# Riggen the downrigger



## ArWeTherYet (Mar 25, 2007)

Hi All
Picked up a little Scotty Lake Troller, for the kingy. Should be OK for shallower waters and a light bomb.
I had an old 8lb bomb lying around, as you do, so I trimmed it down to about 1kg.

So my question is how long should the line from the bomb to the clip be?
Do you connect direct to the bomb or just above it?
I have 2 clips which would be better for braid? I have a 6mtr wind on leader in 30lb
And is there any other tips I should know?


----------



## Ranger (May 31, 2008)

Scotty Laketroller is an excellent little unit for the yak, although the drag system for lowering can be a little annoying on them.

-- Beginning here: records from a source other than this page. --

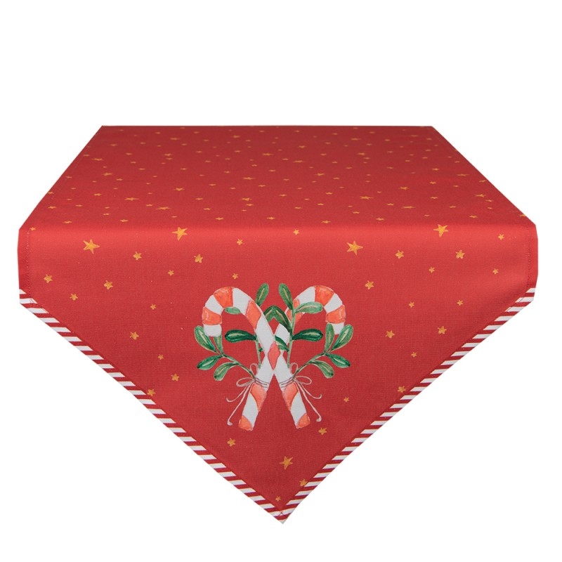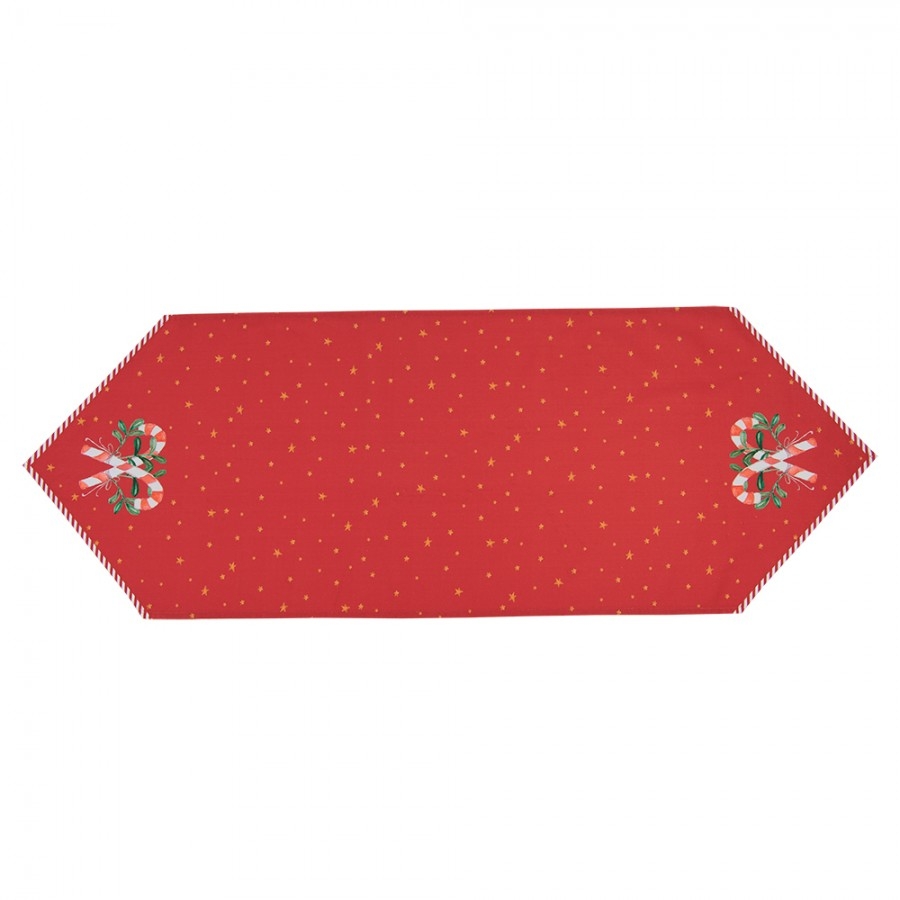 Bavlnený obrus - behúň v červenom farebnom prevedení s dekorom červených lízaniek a imela 50 x 160 cm Clayre & Eef 41999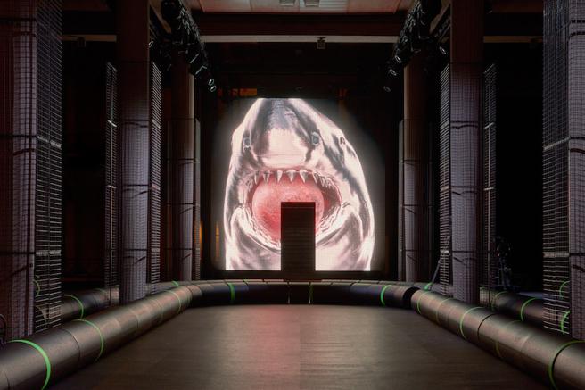 連秀場也以佈置為頗具日常生活的奇異幻想,沙發設計的頗像捲曲的電纜線,接連配合螢幕上出現的鯊魚、花瓣、地球、宇宙,象徵在現世溝通已然無礙,我們可以隨心所欲的獲得想要的資訊。但對於時尚,我們仍舊有太多的未知與太多的可能,Miuccia女士則在這季的Miu Miu裡,為我們打造了另一種全新結果。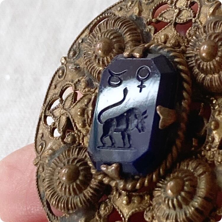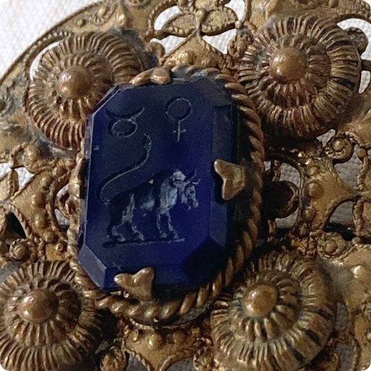 このブローチは、牡牛座と金星をテーマにしたデザインが特徴で、青いガラスと真鍮製の豪華な透かし細工が目を引きます。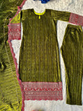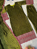 Elegant Deep Green Viscos Velvet Festive Suit Set With Scallop Lace Dupatta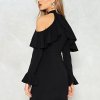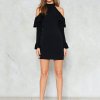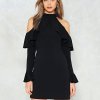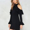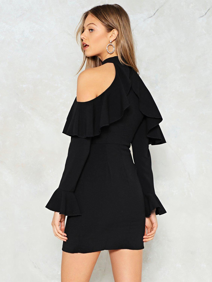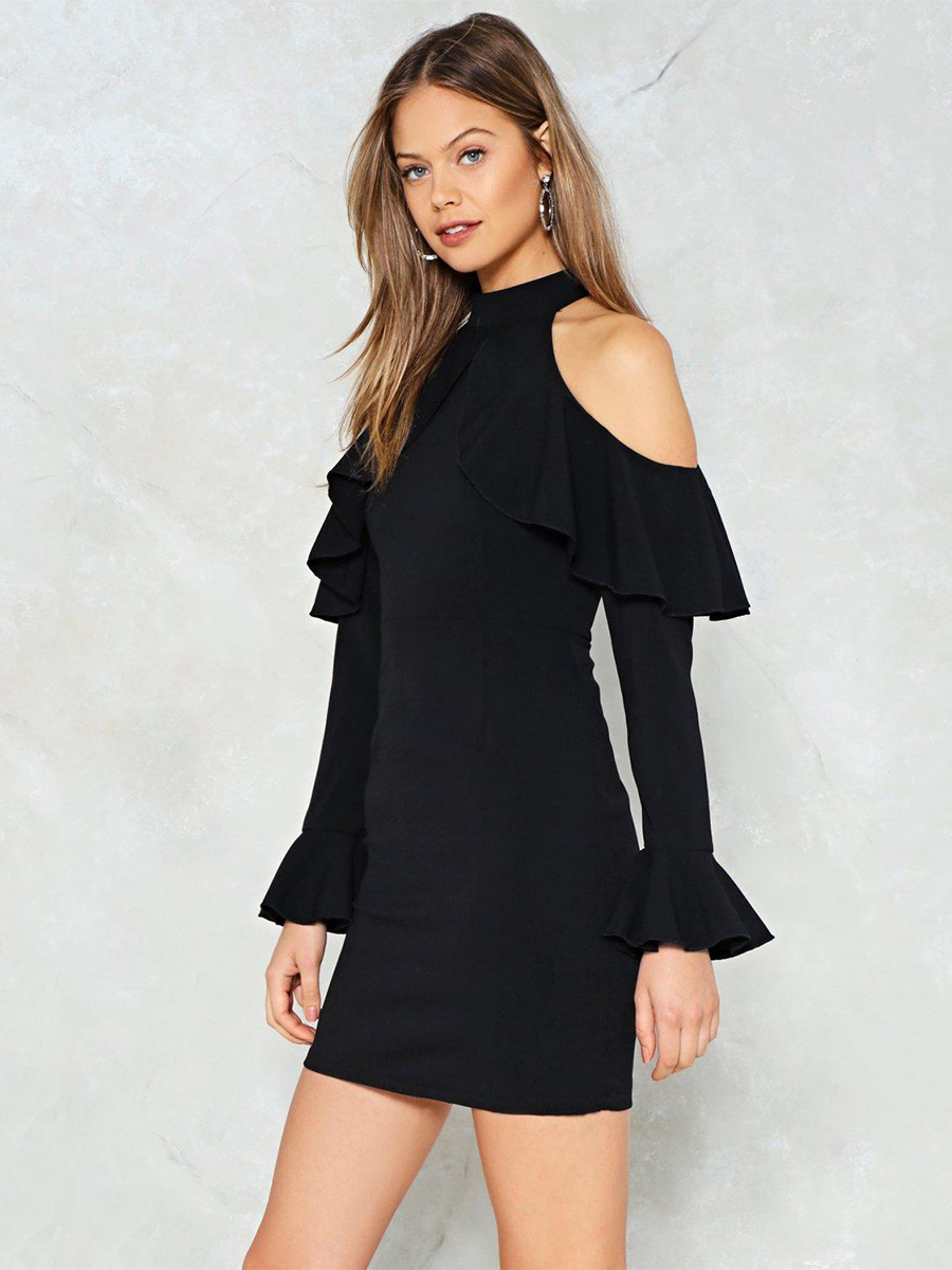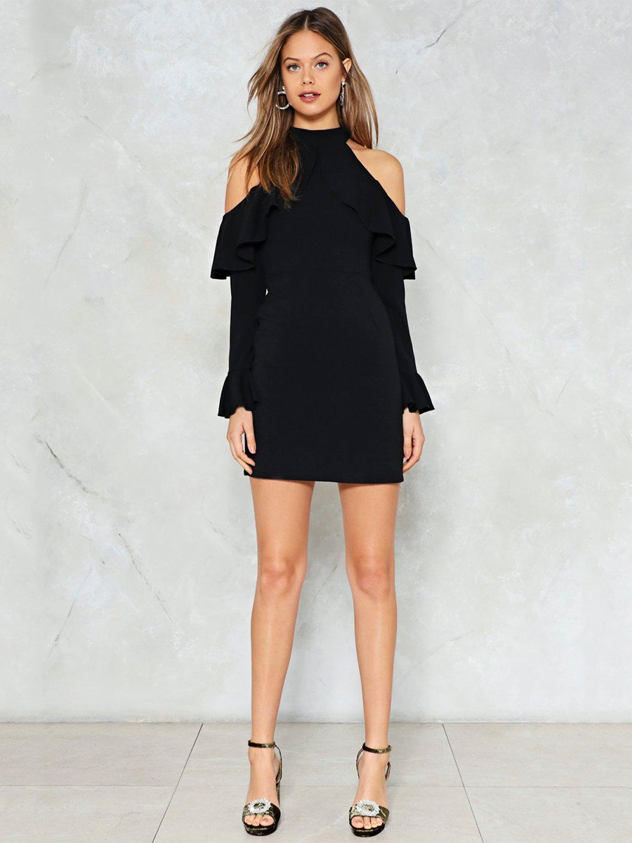 Fashion simple sexy leaking shoulder sleeves dress

The line from the bomb to the clip does not need to be long. 3-4" would be ample, and this clips directly to the rear of the bomb.

I use the bottom clip type displayed in your picture.


----------



## ArWeTherYet (Mar 25, 2007)

Thanks for that Ranger


----------



## ArWeTherYet (Mar 25, 2007)

All working fine. Haven't managed to get anything majorly tangled up yet. 
The laketroller seems to be just the right size and with about 1mtr of line from the bomb to the clip the line is always clear of my paddle stroke.


----------



## ELM (Jul 14, 2008)

Sounds like you have it sorted, looks good and best of luck with it.

PS I have a very similar clip as the bottom one in your pic and is hooked straight to the bomb but was going to suggest, by looking where your seat is and the downrigger, a longer length may make it easier to work with. Main thing is for your rod tip to be further back than the clip and bomb, otherwise your bomb can twist tangling your line around it.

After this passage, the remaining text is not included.